Alas, to the disappointment and astonishment of most
right thinking Sierra Leoneans, the reportage of the
event by the Reverend Kabs-Kanu, Minister
Extraordinary and Plenipotentiary representing
Sierra Leone at the United Nations, stripped the
thunder and glow that the event had built.
Kabs-Kanu’s newspaper headline reads: "Sierra Leone’s
President Ernest Koroma at New York NASDAQ and the
world financial market bounced back from a week-long
rough ride."
When I finished reading the article, my thought was:
here we go again. This reportage falls right into
the narrative and notion that some Sierra Leonean
newspapers and commentators have formed about
President Koroma and the APC government he is
heading.
Some papers call him the "smoke and Mirrors
president;" others say his presidency is about
"glamour and show-business, and no substance".

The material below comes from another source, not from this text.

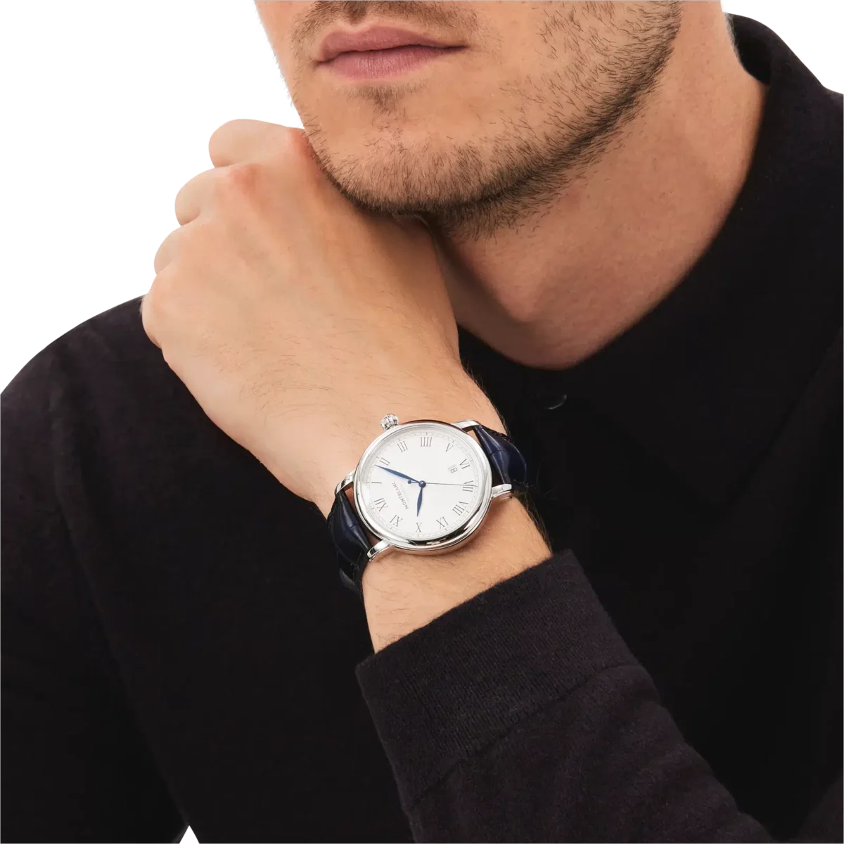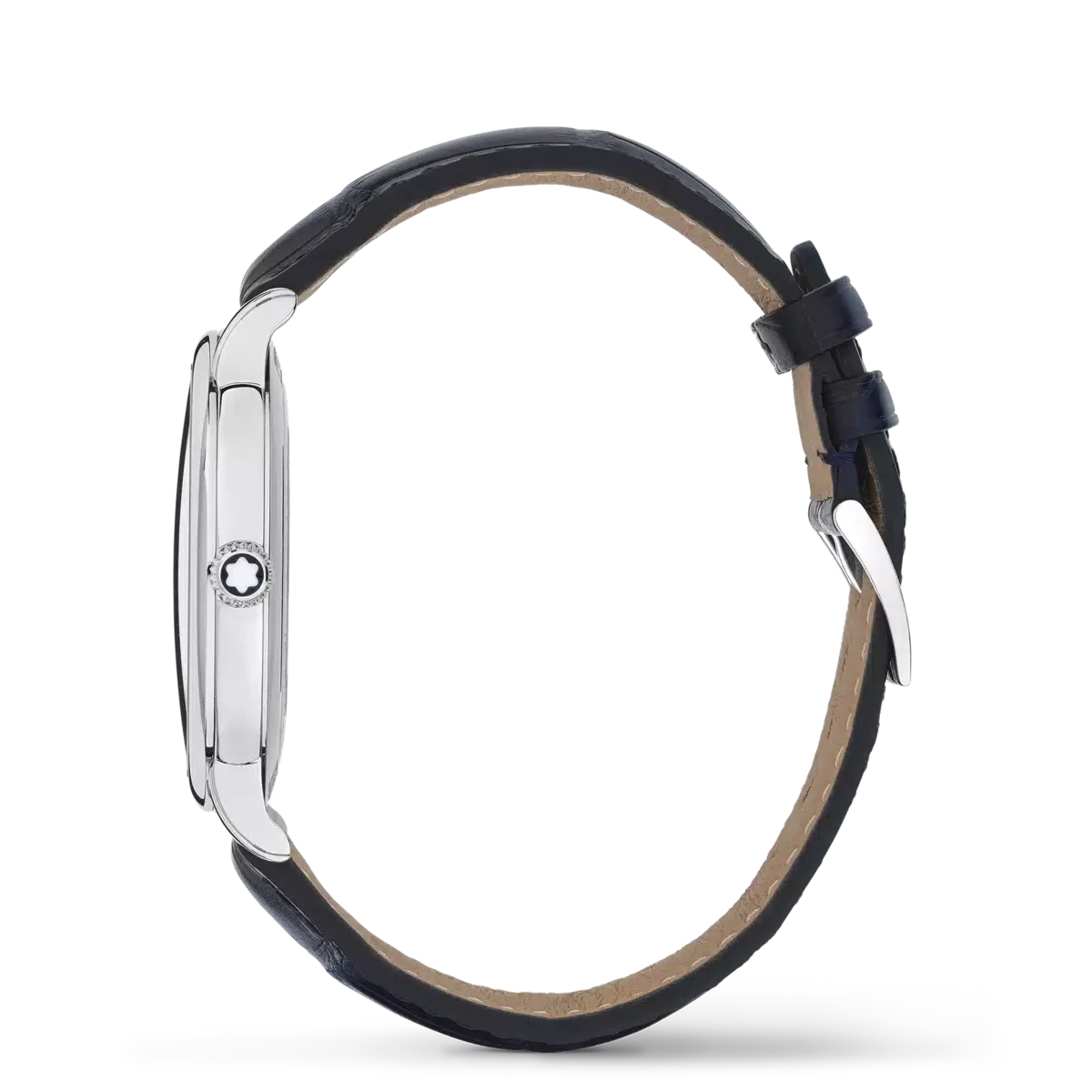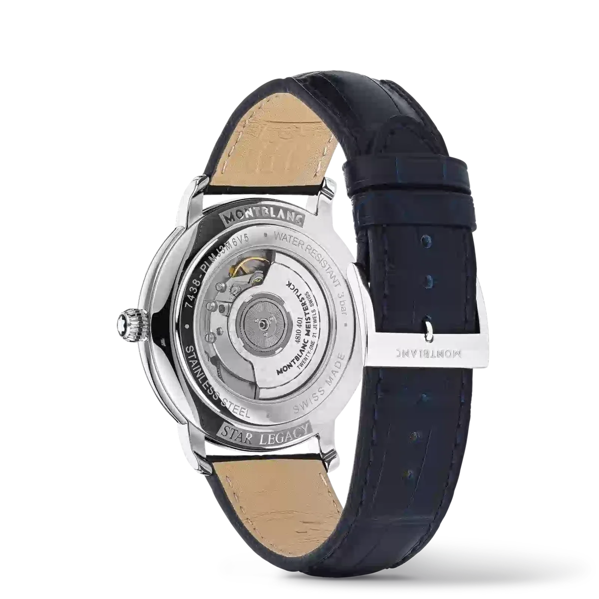 La línea de productos Montblanc Star Legacy se inspira en la herencia de Minerva y en los relojes de bolsillo que la empresa fabricó a finales del siglo XIX y principios del XX. En consonancia con los códigos de diseño de la gama de productos, el Montblanc Star Legacy Automatic Date presenta una refinada esfera blanco plateada con el patrón guilloché de estrella explosiva de Montblanc, números romanos, agujas en forma de hoja, un motivo guilloché «filet sauté» y una vía de tren. El reloj está equipado con el calibre automático MB 24.09 y cuenta con las horas, los minutos y los segundos en el centro y la fecha en una ventanilla a las seis en punto. Viene en una caja de acero inoxidable de 42 mm y está equipado con una moderna correa de piel de cocodrilo azul sfumato. N.º de identificación MB131209 Ancho de la asa 21 mm
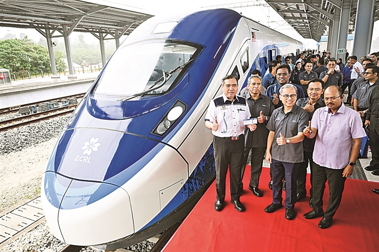 2月11日,中国交通建设集团有限公司承建的马来西亚东海岸铁路(马东铁)项目首批动车组在马来西亚彭亨州州府车站苏丹阿末沙城站正式亮相。马东铁项目全长665公里,是中马两国共建“一带一路”合作的旗舰项目。

Although such caricature of the president is untrue
and unfair, however, it originates from the
sycophancy, bootlicking, apple-polishing and
flattery demonstrated by minions and lackey’s, such
as the Reverend Kabs-Kanu.
They exaggerate political events and important
national issues to the point where they end up
embarrassing the president in particular and Sierra
Leone in general.
Either the Reverend Kabs-Kanu has no idea about the
inner workings of the stock market, or like most of
his coverage of Sierra Leonean’s socio-political
issues, he always overstates, over embellishes
events to the point where it sometimes becomes
senseless to read.
Most especially, his reports on the economy of
Sierra Leone are mostly exaggerated and far removed
from the reality on the ground.
For the information of Reverend Kabs-Kanu, president
Koroma’s visit to the NASDAQ stock exchange has no
relationship, or correlation with the movement of
that market. If there was movement in the stocks of
NASDAQ, on the day the president visited the
exchange, take it as a mere coincidence, and nothing
else.
For the Reverend therefore to have stated that it was
president Koroma’s visit that led to the movement of
the NASDAQ after a week of it being in the
bear-market (week of low falling stock prices), is
not only a display of ignorance on his part, but a
show of dishonesty and disrespect for the presidency
of Sierra Leone and the reading public.
NASDAQ stands for the National Association of
Securities Dealers Automated Quotations Systems. It
is the place where most technology stocks are
traded. The exchange trades more than 5,000 actively
traded companies over the counter stocks, meaning
that you do not have to go to the NASDAQ head office
to buy NASDAQ stocks.
But with the connection of a computer to the internet
or telephone, you can call a dealer and buy NASDAQ
stocks in their different locations around the world
from your living room. Stocks of companies like
Microsoft, Dell Computer and Cisco can be bought and
sold on the NASDAQ stock exchange.
So when you hear people say that the NASDAQ is up or
down on a given day, like Reverend Kabs-Kanu rightly
put it, the NASDAQ having a week of rough-ride, they
are referring to the NASDAQ composite index (an
average of a bunch of numbers derived from the price
movements of certain stocks in the exchange due to
demand and supply).
Like the DJIA (DOW Jones Industrial Average) it is a
statistical measure of a portion of the market.
Thus, the 'DOW' as well as the 'NASDAQ', refers to
market indices.
However, only the NASDAQ is also referred to as an
exchange where investors buy and sell stocks.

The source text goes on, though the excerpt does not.